Grants and residencies

Research and art

Doctor of Arts Séraphin Lena and working group

239400 €

Transitory writing in no one’s land

Tieteellinen tutkimus ja taiteellinen työ / niihin pohjautuva työ | Kaksivuotinen

The research proposal transitory writing in no one’s land improves and diversifies artistic research and its corresponding writerly methods by developing, testing and advocating for new practices of research writing that focus on collective, situated, embodied, performative, and multi-lingual approaches to language. The practice of writing as a multi-lingual and collective activity offers the potential for participants to become aware of one’s cultural disposition. Moreover, the newness at stake is writing lifted from a solitary to a collective experiential practice bridging the corporeal and cerebral. The aim is to examine how collective writing as method and activated co-authorship might create conditions for inter-subjective relations and the emergence of inclusive in-between spaces or no one’s lands. This interdisciplinary research, comprising critical theory, literary and visual arts, is structured as a transnational itinerary in five diverse sites for learning; schools, centres and universities, in four countries having an impact as temporary communities for workshops in collective writing.

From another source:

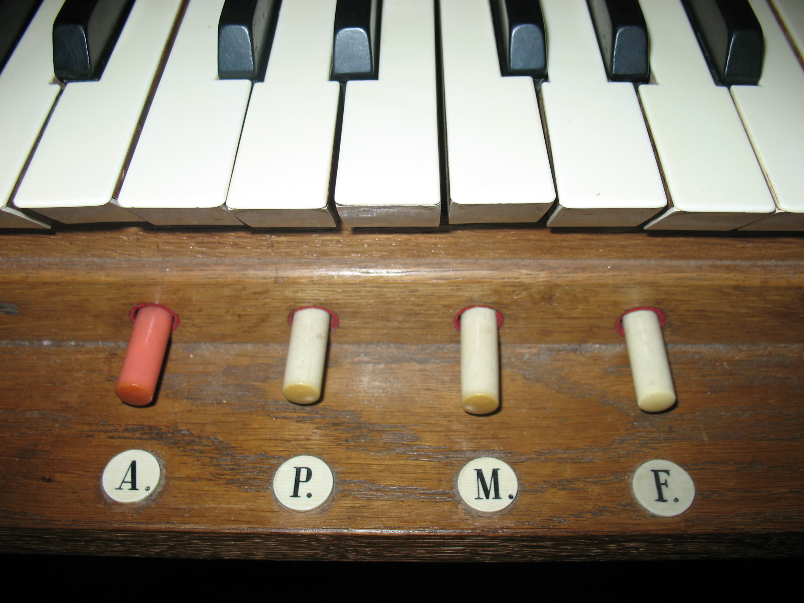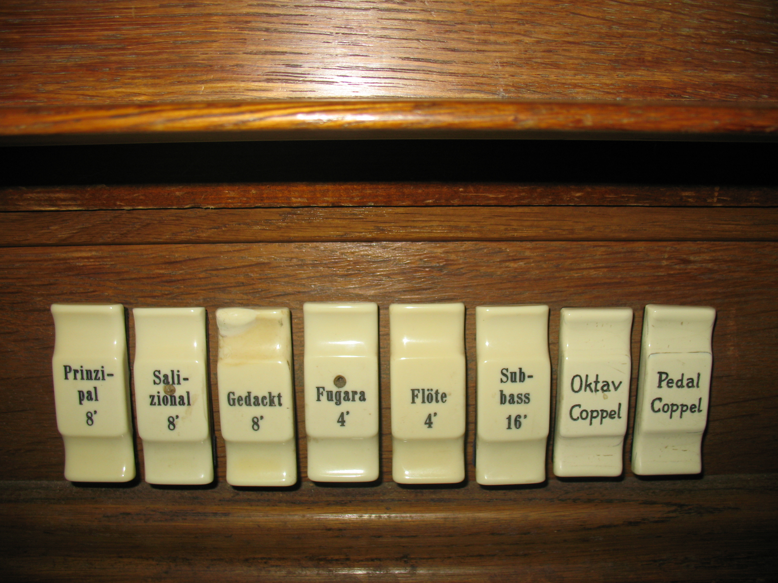 Die Registerwippen sind in einer Ebene über dem Manual angeordnet. Die Namen der Register stehen auf den Wippen.

These workshops build on the notion of linguistic bodies constituted by relational utterances and hosting an urge for unfinished becoming (Di Paolo, Cuffari, and De Jaegher 2018). It is this unfinished becoming as learning, as being in transition, and as transitory writing, that is sustained in the workshops rather than an accumulation of knowledge by didactic approaches. The constituent research question is: How can language and writing be an inter-subjective potential? The objectives of transitory writing in no one’s land are to develop a series of artworks, audio-essays and presentations that activate discoveries of spatial reciprocity, the no one’s land, for audiences beyond academia and to develop seminaries, as well as journal articles and research expositions, for sharing and showing this body of research and its insights with a wider research community.